Web Information Extraction and Retrieval

Web is almost an unlimited source of information. Using search engines such as Google, Bing and similar we can easily find web pages with possibly relevant information. The number of returned pages would usually however be very large which does not allow for manual processing. The solution to this are computer programs that are able to find and extract relevant information from possibly very large number of non-structured or semi-structured documents and return results in structured form.

COURSE GOAL

The main objective of this course is to teach students about how to develop programs for web search (including surface web and deep web search) and for extraction of structural data from both, static and dynamic web pages. Beside basic concepts of the web search and retrieval, students will learn about relevant techniques and approaches.
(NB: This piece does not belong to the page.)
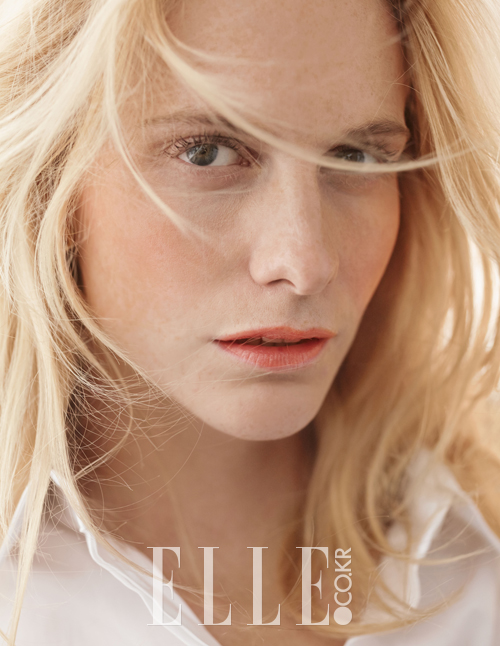 포피의 귀족적인 뷰티를 더욱 돋보이게 하는 내추럴 페미닌 메이크업을 연출했다. 프로 피니쉬 팩트를 이용해 피부 결과 톤을 자연스럽게 커버했다. 그녀의 피부 톤과 잘 어울리는 틴트 피니셔 HD 블러쉬, 410 컬러를 눈매와 볼, 입술에 물든 듯 발라 본래 피부에서 배어 나오는 듯한 혈색을 부여했다. 눈썹엔 아쿠아 브로우 키트를 이용해 아주 자연스럽게 연출. 부드럽게 컬링된 속눈썹은 스모키 엑스트라 버건트를 사용한 것. 사용 제품은 모두 Make Up For Ever.

After the course, if successful, students will be able to develop programs for automatic web search and structured data extraction from web pages (including search and extraction from on-line social media).

COURSE CONTENT

The main topics that will be addressed within the course are:

Information Retrieval and Web Search (Basic Concepts of Information Retrieval, Information Retrieval Models, Relevance Feedback, Evaluation Measures, Text and Web Page Pre-Processing, Inverted Index and Its Compression, Latent Semantic Indexing, Web Search, Meta-Search...)
Web Crawling (A Basic Crawler Algorithm, Implementation Issues, Universal Crawlers, Focused Crawlers, Topical Crawlers),
Structured Data Extraction (Wrapper Induction, Instance-Based Wrapper Learning, Automatic Wrapper Generation, String Matching and Tree Matching, Multiple Alignment, Building DOM Trees, Extraction Based on a Single List Page or Multiple Pages...)

REQUIRED KNOWLEDGE

It is expected from students that they know at least basics of program languages and technologies such as, Java, JavaScript, Python, HTML, CSS, web page structure.

COURSE GRADING

For a positive grade at this course students are expected to successfully finish three projects (seminars) and written examination (at least 50% of all points) .